Warren Buffett's approach to the 2008 financial crisis is one that would work regarding the Brexit fiasco. Image taken from CNBC.
My view of the matter is analogous to that of Warren Buffett in the midst of the financial crisis. In an October 2008 op-ed for The New York Times entitled 'Buy American. I Am,' Buffett explained why, during the worst economic maelstrom since the 1929 Wall Street Crash, he was buying American stocks:
A simple rule dictates my buying: Be fearful when others are greedy, and be greedy when others are fearful. And most certainly, fear is now widespread, gripping even seasoned investors. To be sure, investors are right to be wary of highly leveraged entities or businesses in weak competitive positions. But fears regarding the long-term prosperity of the nation’s many sound companies make no sense. These businesses will indeed suffer earnings hiccups, as they always have.

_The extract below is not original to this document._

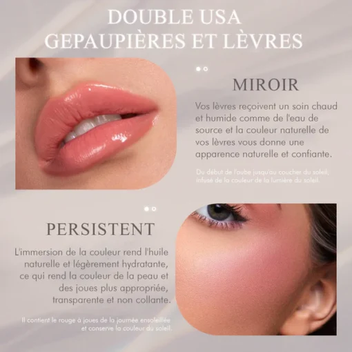 Imaginez un seul produit qui s’adapte sans effort à la température unique de votre peau, offrant la teinte parfaite de rose sur vos yeux, vos joues et vos lèvres. Ce merveilleux produit polyvalent promet non seulement la commodité, mais aussi une transformation délicieuse, garantissant que chaque application soit aussi unique et vibrante que vous. Embrassez le charme du maquillage naturel et lumineux qui évolue avec vous, faisant de chaque moment une opportunité de briller.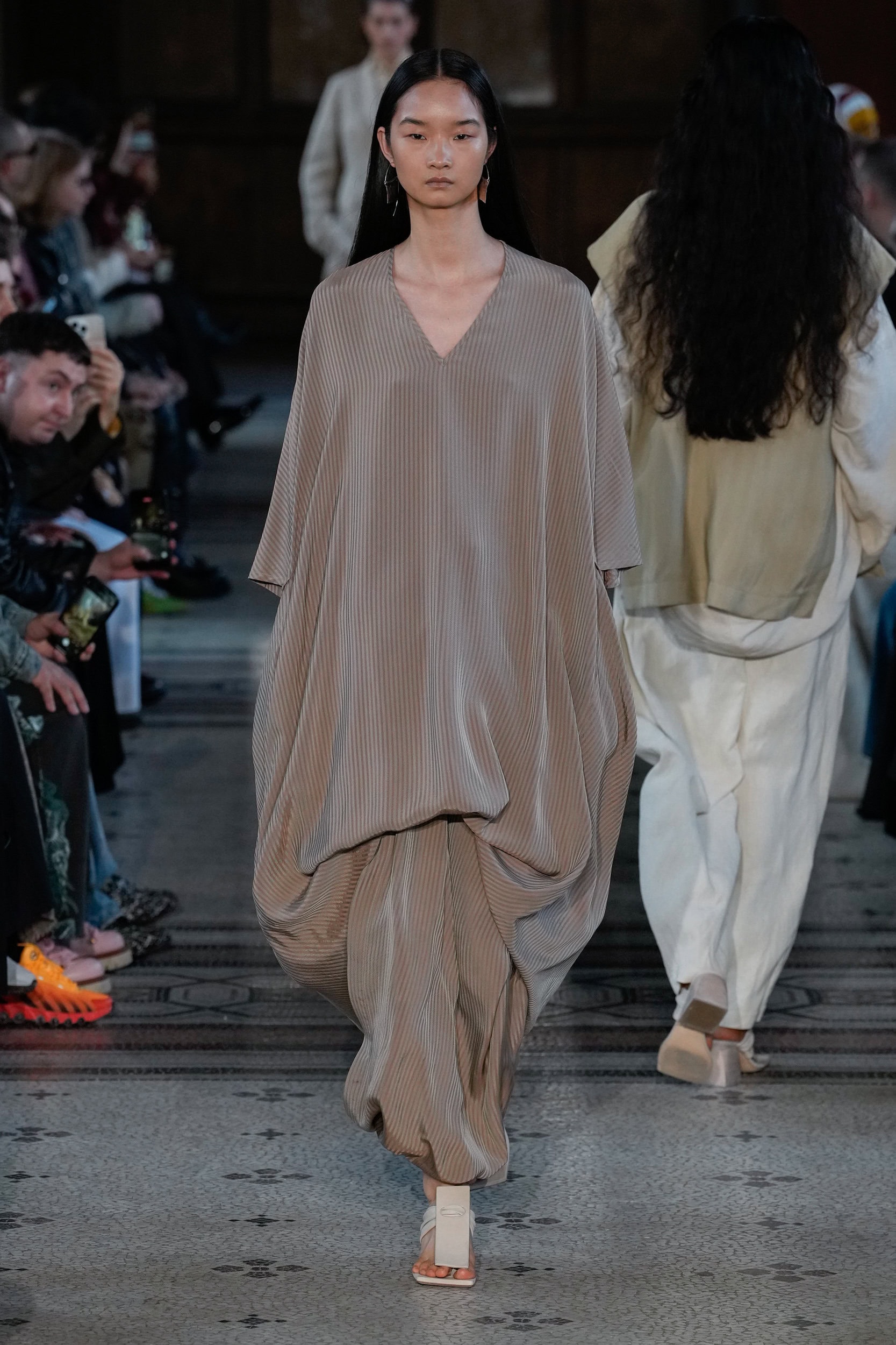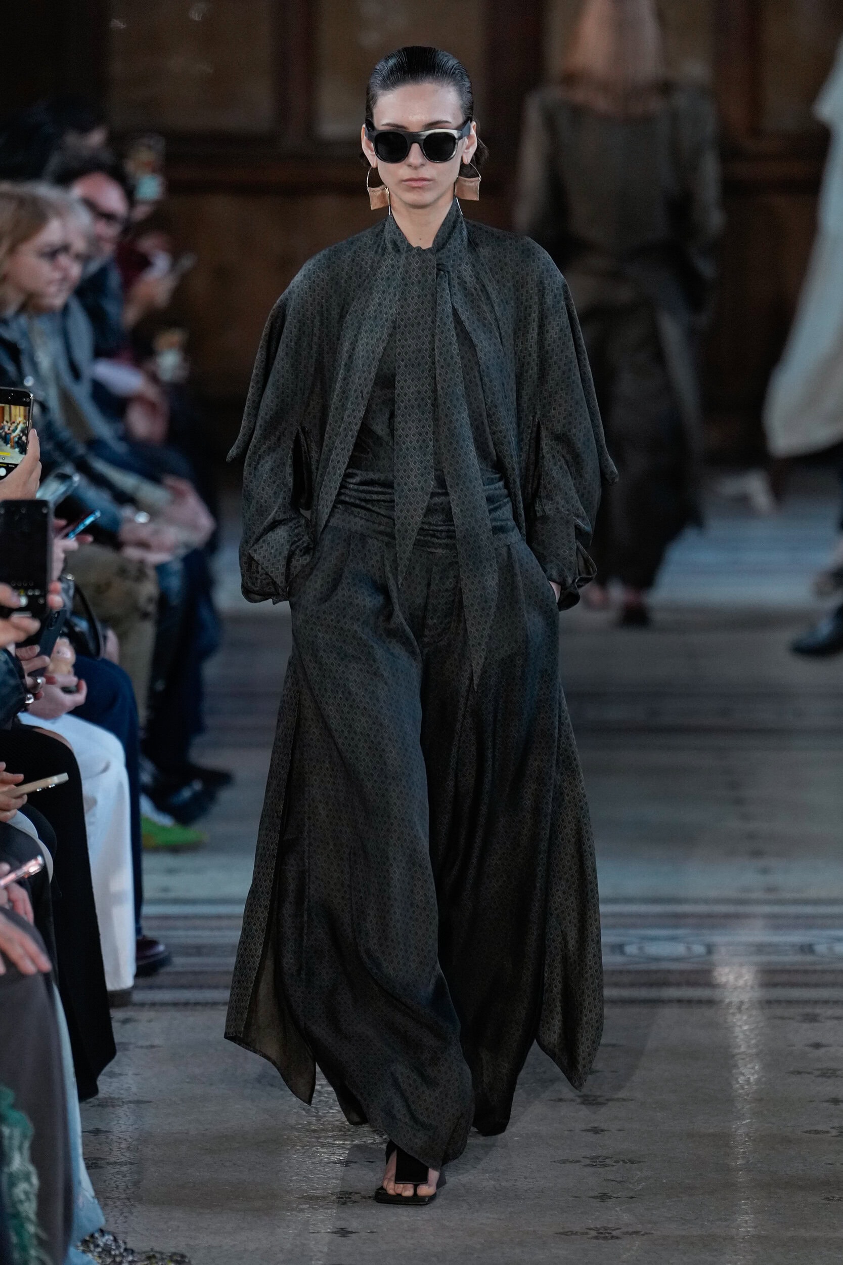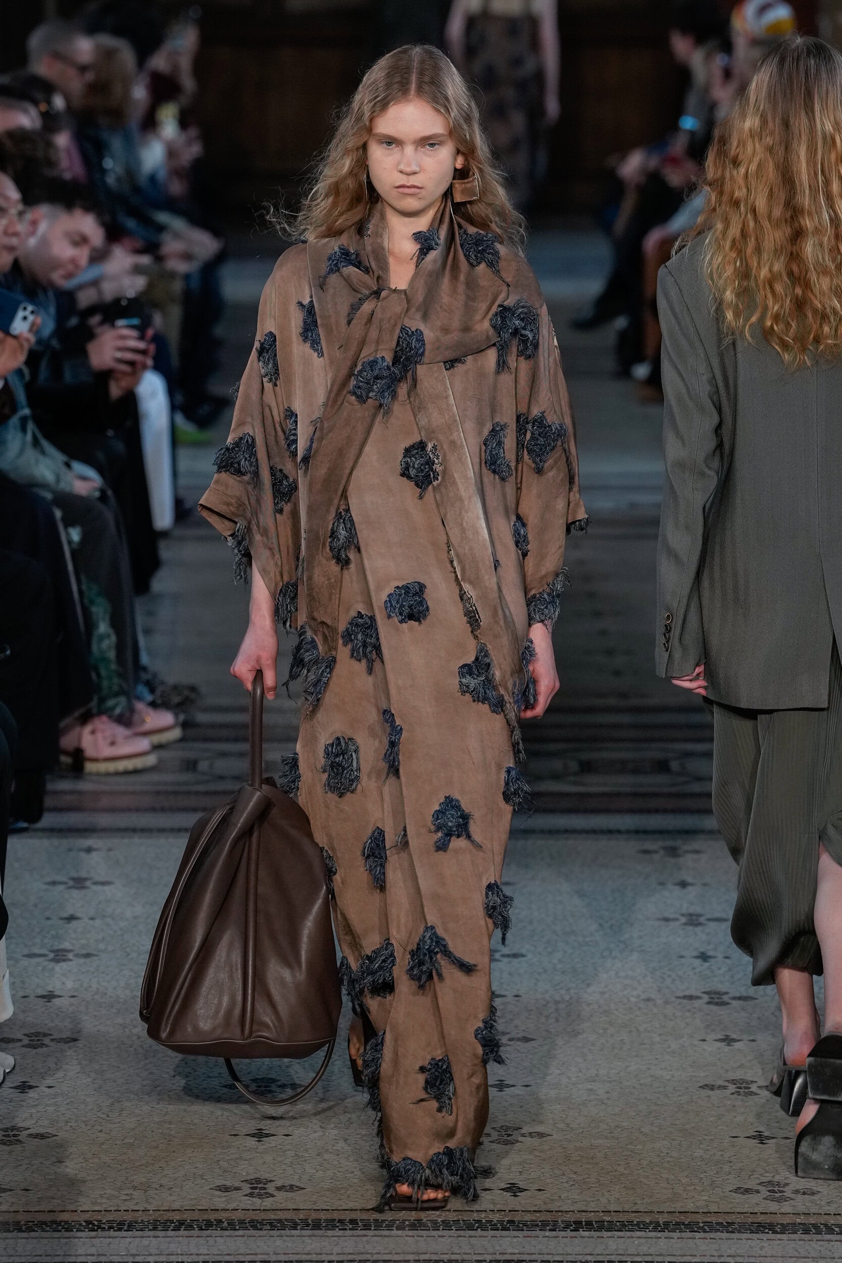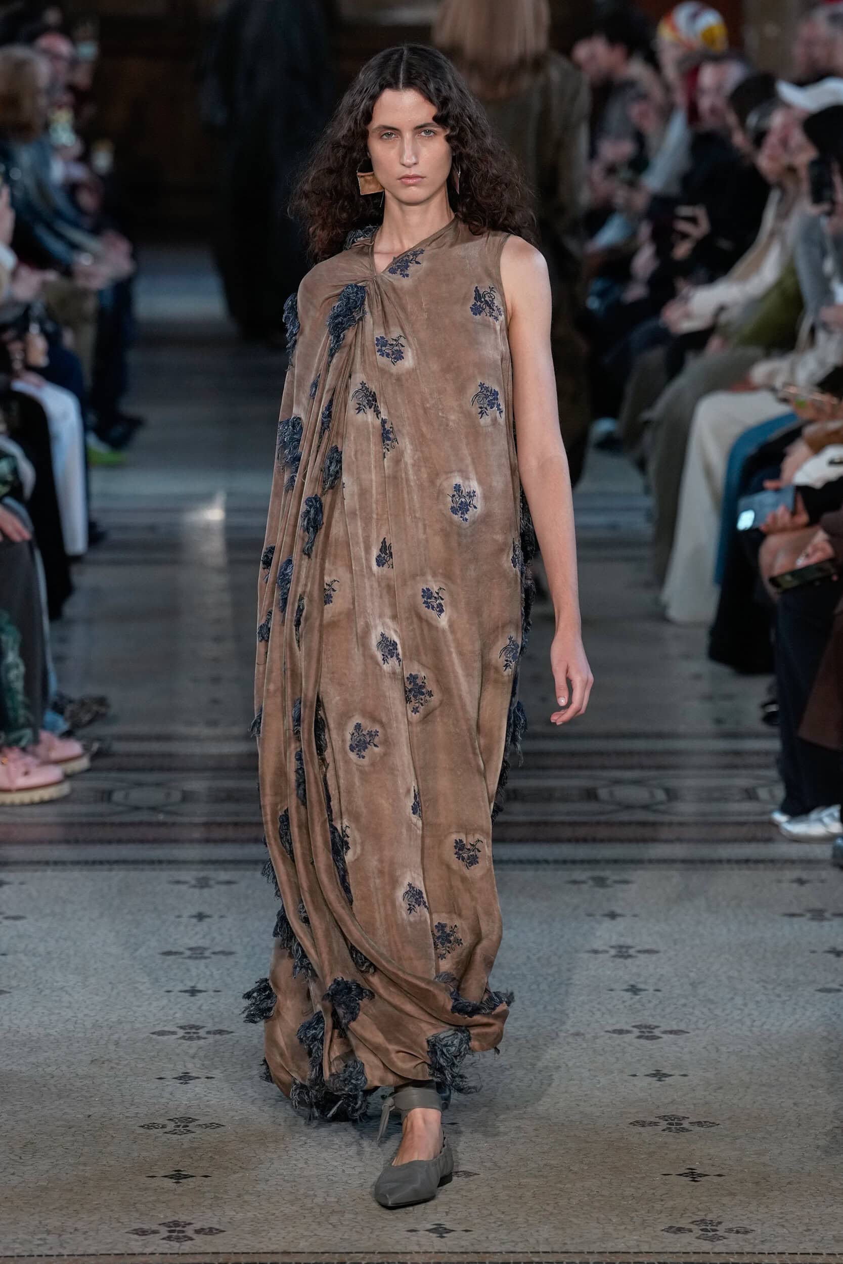 Uma Wang 还通过在单肩上衣上戏剧性地打结、做旧针织,以及正反两面刺绣来增强纹理效果。飘逸的青铜色连衣裙上点缀着深蓝色的簇绒,而从反面看,这其实是借用自千年前兴起的我们宋朝的花卉图案。水银色的丝绸和日本品牌 Detaj 的有机造型银饰,则为服装增添了一抹亮色。

But most major companies will be setting new profit records 5, 10 and 20 years from now.
The British companies caught up in the Brexit mess are in an analogous position to the U.S. companies that Buffett was buying positions in a decade ago, as U.K. equities have seen $22 billion of outflows since 2016. However, companies such as Associated British Foods, AstraZeneca, GlaxoSmithKline, and National Grid are unlikely to go out of business because of Brexit. For a long-term value investor, it makes sense to follow Buffett's lead and to "be greedy when others are fearful."
In summary, the U.K. market remains home to companies that are worth keeping an eye on while the Brexit drama staggers on to its inevitable conclusion, and it makes sense to take advantage of the situation in advance of that conclusion - which one can only hope will be a beneficial one for the U.K.
DISCLAIMER: The author is not a financial professional and accepts no responsibility for any investment decisions a reader makes. This article is presented for information purposes only. Furthermore, the figures cited are the product of the author's own research and may differ from those of other analysts. Always do your own due diligence when researching prospective investments.
Disclosure: I/we have no positions in any stocks mentioned, and no plans to initiate any positions within the next 72 hours. I wrote this article myself, and it expresses my own opinions. I am not receiving compensation for it (other than from Seeking Alpha). I have no business relationship with any company whose stock is mentioned in this article.